> _Recorded information_

================================

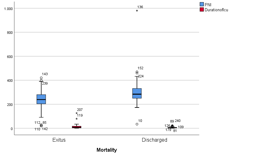 Figure 1. Box plot of PNI and duration of ICU according to mortality status. ICU: Intensive Care Unit; PNI: Prognostic Nutritional Index.
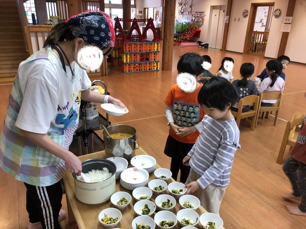慣れない環境に緊張しているお友達もいましたが、大好きなカレーライスをとっても美味しくいただきました🍛!
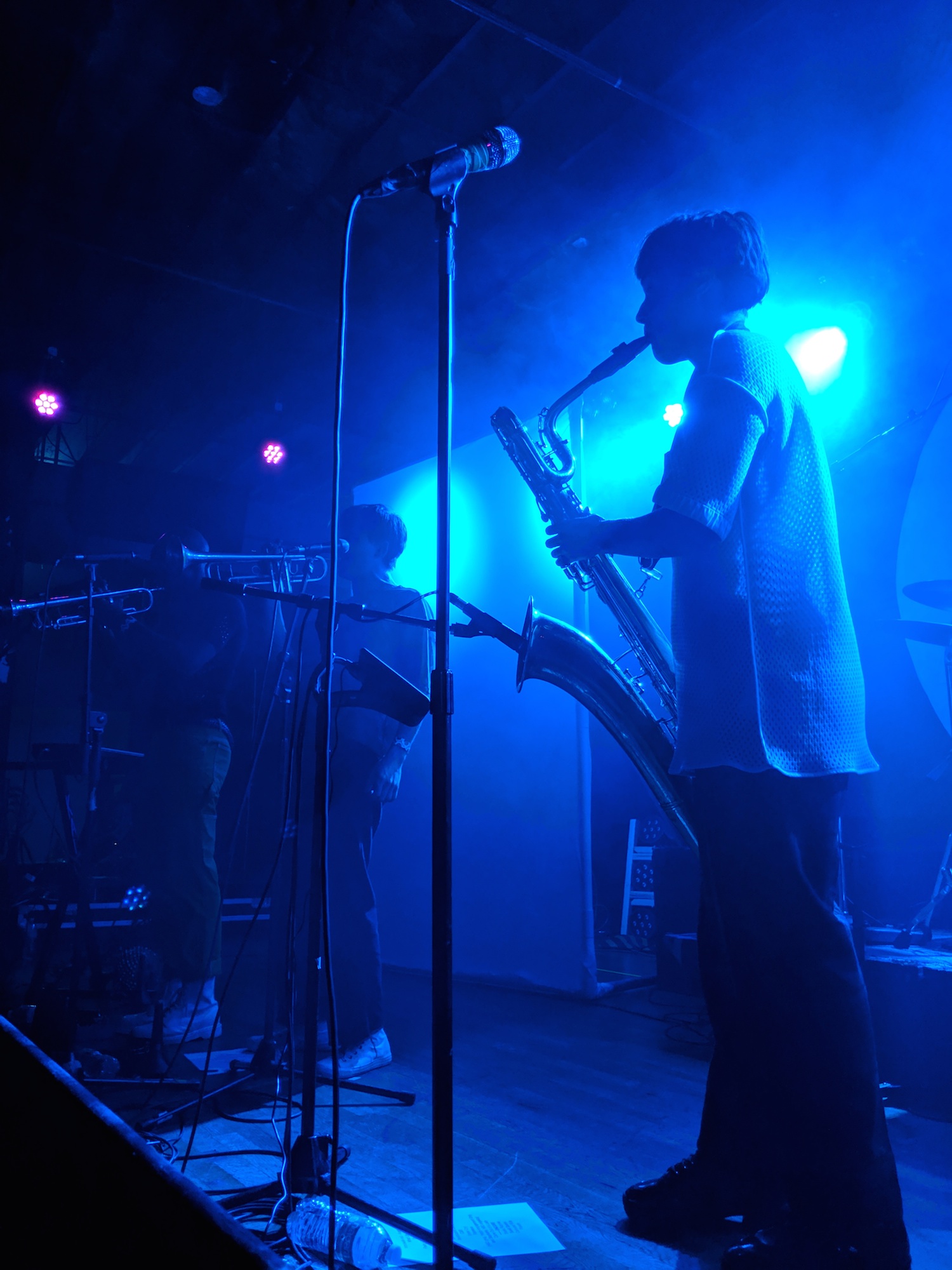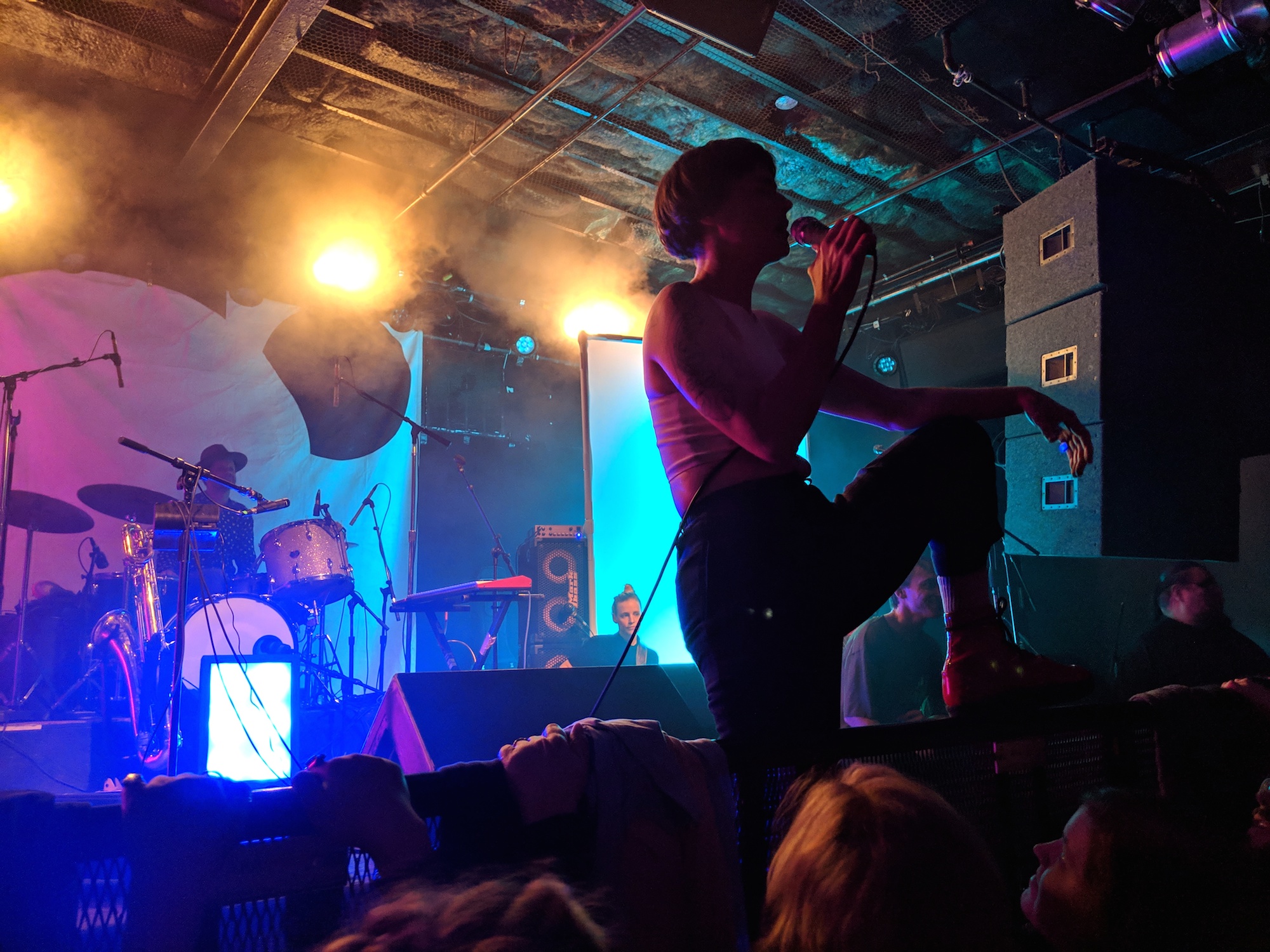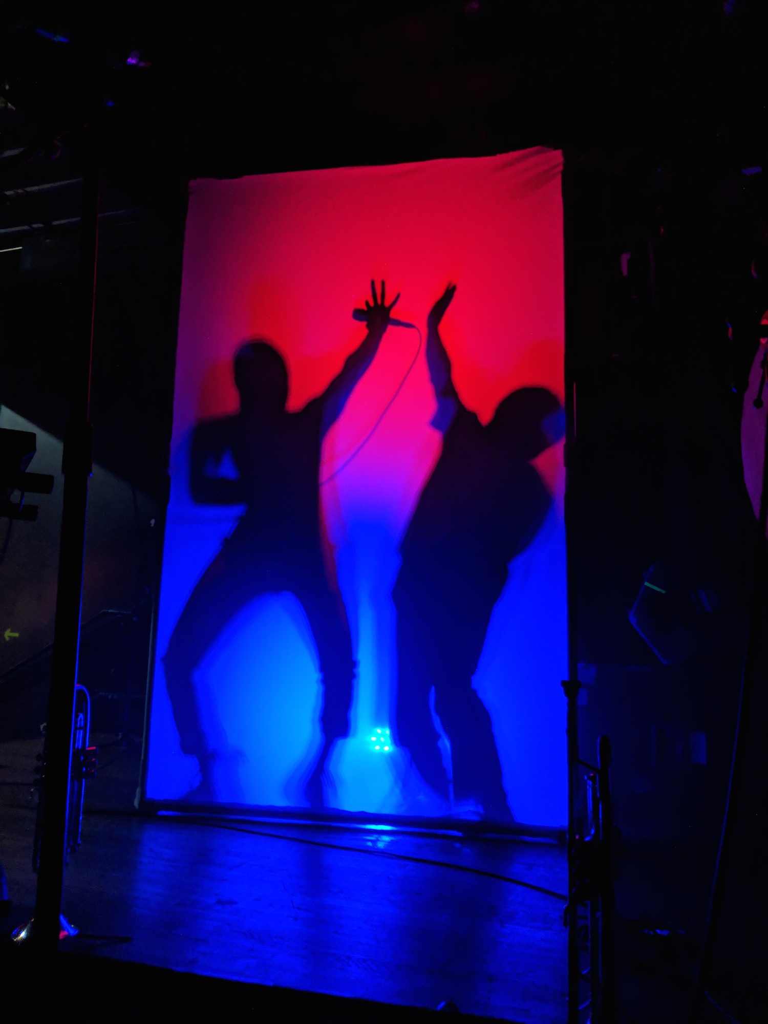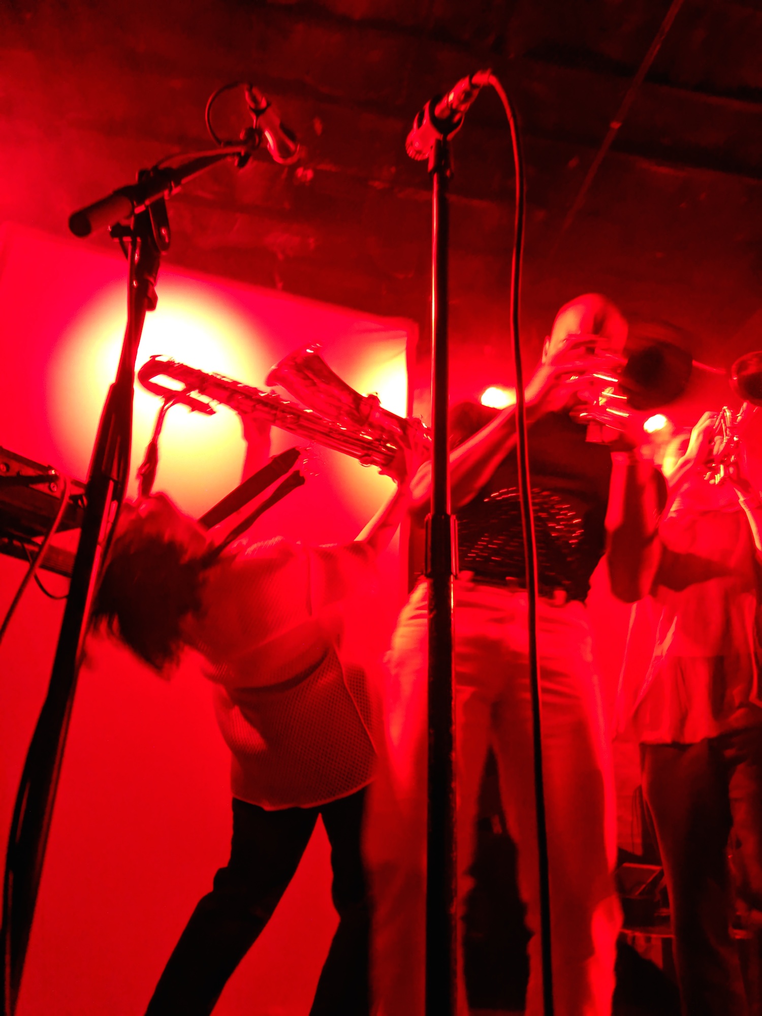 Jeremy took on a much tighter and more aggressive style of drumming than he had for the Tōth set. Ryan and Noga stepped in time, often moved in unison while playing smooth, coolly, and to perfection–just the right amount of fun. Alex and Sean really brought the party with their synchronized dance moves. Kalmia was beautiful and strong. She moved around the stage in a way that was confident and perfectly weird; it brought David Byrne to mind. This is exactly the kind of fully envisioned artistic expression that I can see him producing. The lights, the set, the dance moves, all in support of the music. The whole piece was practiced and yet improvisational. They moved with individual authenticity that was engaging, graceful, and joyful. They were feeling the music and pushed their emotions out to us. That authentic emotion created a connection to the audience that was palpable.

================================

> _Action item_
Leave the pictures out and output exactly the lines above, from the start of the listing through the line with "慣れない環境に緊張しているお".

> _Problem solution_
 Figure 1. Box plot of PNI and duration of ICU according to mortality status. ICU: Intensive Care Unit; PNI: Prognostic Nutritional Index.
慣れない環境に緊張しているお友達もいましたが、大好きなカレーライスをとっても美味しくいただきました🍛!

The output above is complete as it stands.